▶ _Exercise description_:
Exactly as they stand, repeat the lines from the one containing "Sleep eventually makes" through the final line of the listing, both ends included, and nothing else; skip the pictures.

┌─ Information provided

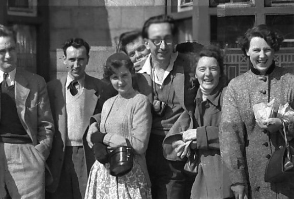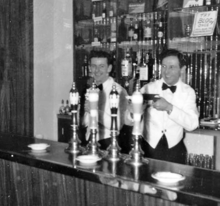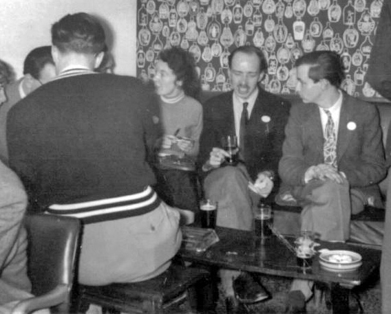 ALLEN: Downstairs fen were gathering in various places waiting for one of the big rooms, which the manager said we could have until seven the next morning, to be opened. The manager was also going around telling folk that if they were not a resident of the hotel then they could not stay, but of course nobody present was a non-resident so everything was alright.....but I still wonder why it was that he picked on me to ask what room I was staying in out of the couple of dozen fen that were present when he made this announcement. The party-room was opened up at ten and it was not long before it was full, so full that I couldn't find a place to sit except for the floor which was undoubtedly the best place to be - I wouldn't have far to fall! A bar had been erected at one end of the room and they were doing-a roaring trade. Shirley (Shamey) Marriott said she was going to get me drunk if it was the last thing she did and went off to the bar to get some booze. When she returned we sat at a table along with Paul Hammett, Meredith Chatterton, Ethel Lindsay, Ron Buckmaster and Pete Taylor.
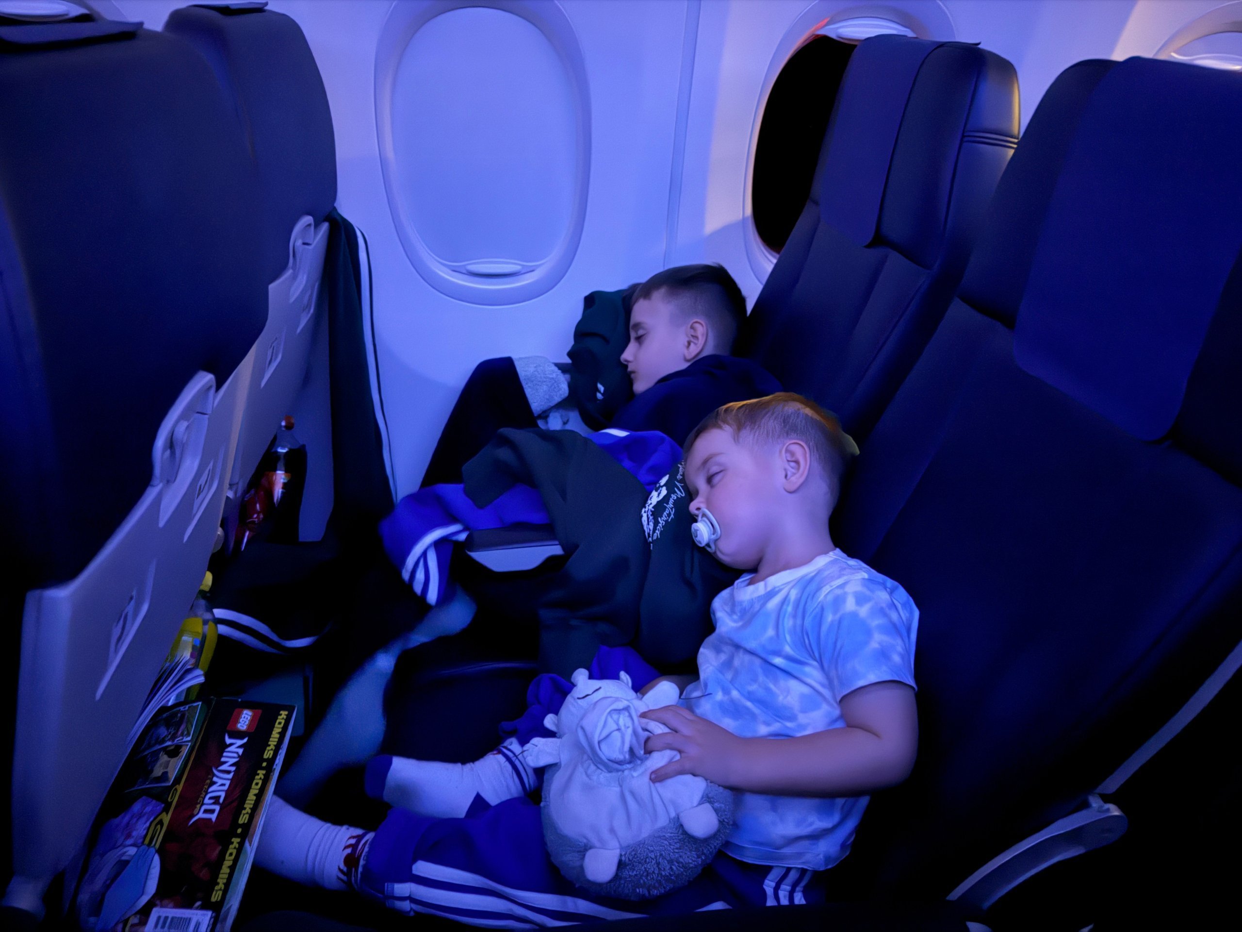 Sleep eventually makes the whole flight go by so much faster that even our kids reach their destination without getting extremely bored.
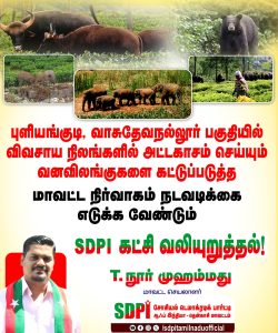 புளியங்குடி – வாசுதேவநல்லூர் பகுதிகளில் விவசாயிகளை அச்சுறுத்தும் வனவிலங்குகள் : மாவட்ட நிர்வாகம் நடவடிக்கை எடுக்க வேண்டும் – SDPI
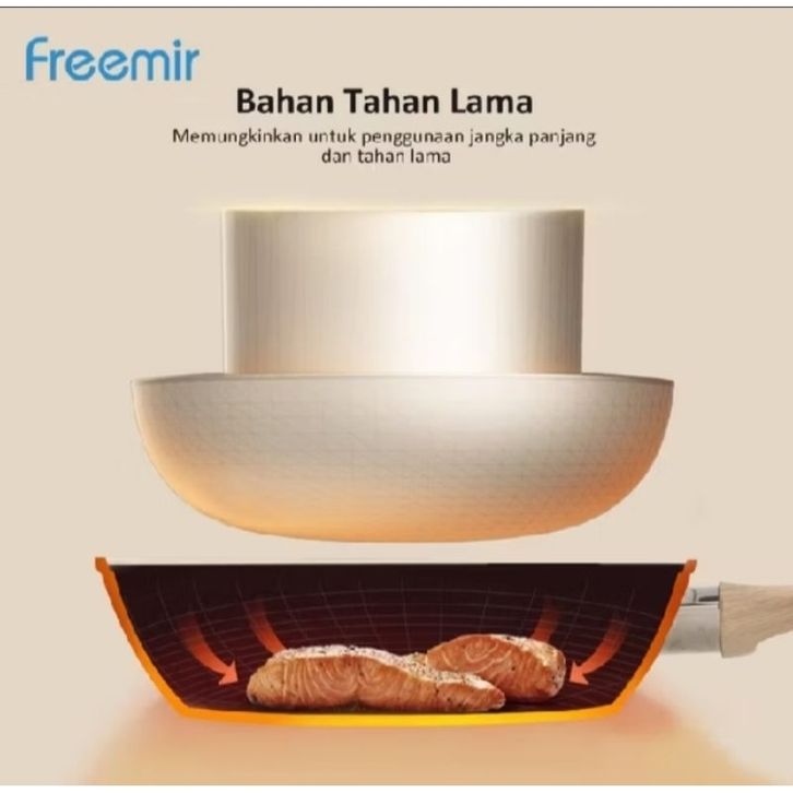 PROMO Freemir Wajan Cekung 24Cm Semi Presto Anti Lengket Tutup kaca Beige

└─

▶ _Solved exercise_:
 Sleep eventually makes the whole flight go by so much faster that even our kids reach their destination without getting extremely bored.
 புளியங்குடி – வாசுதேவநல்லூர் பகுதிகளில் விவசாயிகளை அச்சுறுத்தும் வனவிலங்குகள் : மாவட்ட நிர்வாகம் நடவடிக்கை எடுக்க வேண்டும் – SDPI
 PROMO Freemir Wajan Cekung 24Cm Semi Presto Anti Lengket Tutup kaca Beige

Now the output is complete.